マーロウならこう言うね

〈常識の溝〉と〈教養の壁〉に挑む、慶應通信教育(71期秋期)法学部乙類入学準備クロニクル。

渡部昇一先生の思い出。

こんにちは。ニコラシカ(@xaqihooo)です。今朝方の雨はひどかったですね。洗濯して乾したまま部屋に取り込み忘れていた、子ども部屋のプレイマットがぐしょぐしょになって、端っこに泥がついてしまってました。せっかく洗ったのに。
今日も息子体調よろしくなく、ぼくが付き添っています。仕事は溜まっていますが、会社のことは代替可能でも、自分の子どもの世話はそうではないですからね。


志望理由のつづきを考えようと思っていたら、この記事が飛び込んできました。
www.sankei.com

本紙(産経新聞:引用者註)正論メンバーで第1回正論大賞を受賞した英語学者・評論家で上智大名誉教授の渡部昇一(わたなべ・しょういち)氏が17日午後1時55分、心不全のため東京都内の自宅で死去した。86歳だった。

ぼくが雑誌編集者としてはじめて記事をまとめたのが、渡部昇一さんから受けた日本現代現代史(昭和史)の話でした。
ある雑誌の創刊号の巻頭記事。そうとは知らずに(というか知らされずに)、吉祥寺のホテルで先生と、編集長、発行人とぼくの4人で会食をしたのです。ふとテーブルの上に、レコーダ(TDKの60分テープが入っていた)が置かれているのに気づきました。
えっ、これは取材?

と思ったら、編集長から雑誌創刊の案内があり、ついては渡部先生に連載をということで、ジャーナルなテーマから昭和史に展開するといった体でお願いしたのです。
その第1回目は、たしか満洲事変に関することだったんじゃないかな。

でもそのときは会食というのが主旨であり、じつは話はそのついでみたいな感じでした。会話の録音状態もよくないし、話自体もあちこちにとんでいました(しかしその場の会話としてはとても面白かったのです)。
翌日編集長から「昨夜の先生との話、ちょっとまとめてくれないか」と指示があり、ええっ!? とひるみつつ、ひとまずまとめてみることにしました。
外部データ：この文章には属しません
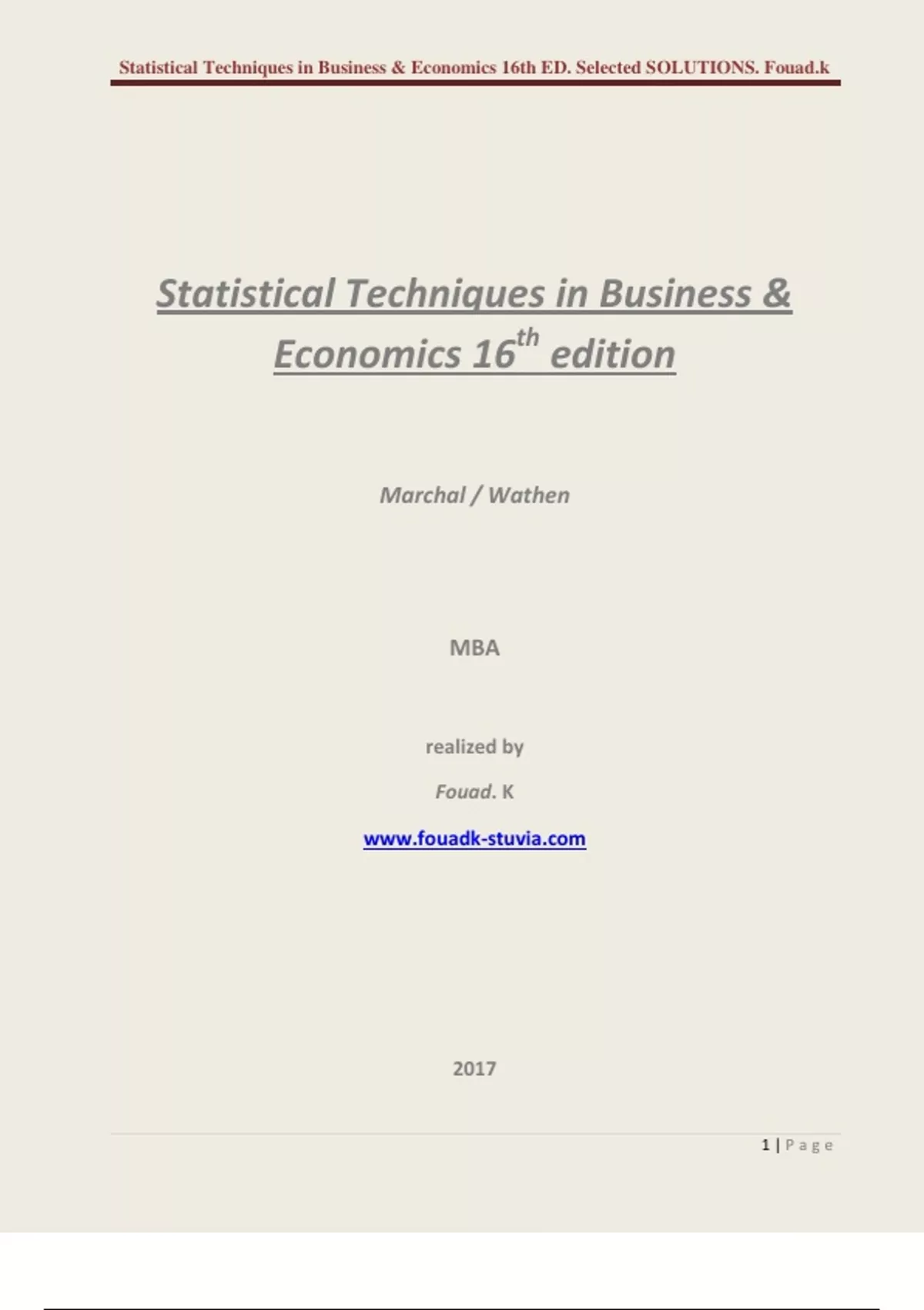 Statistical Techniques in Business & Economics 16th ED. Selected SOLUTIONS
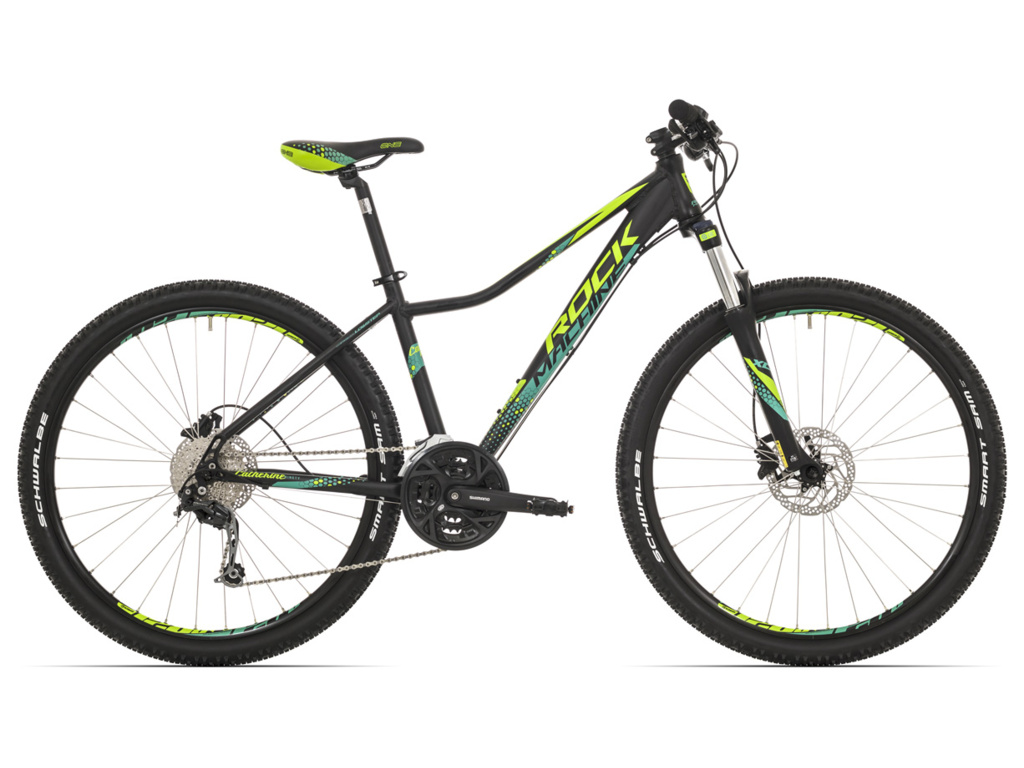 Dámské horské kolo Rock Machine Catherine 90 s hliníkovým rámem ve stylových barvách a 27,5 palcovými koly. Ideální kolo pro rekreační cyklistky. Osazeno je uzamykatelnou odpruženou vidlicí Suntour XCM, hydraulickými kotoučovými brzdami Shimano a komponenty Shimano s 27 převody.

数時間後にひとまず体裁を整えた原稿を編集長に手渡すと、「おお、あんな話からよくここまでまとめたな」と褒められたことを覚えています(数少ない褒められた思い出なので、プチ自慢しちゃいます)。
それから毎月、渡部先生と会食しつつ、歴史の話を伺いました。少なくとも2年以上は続いたのだと思います。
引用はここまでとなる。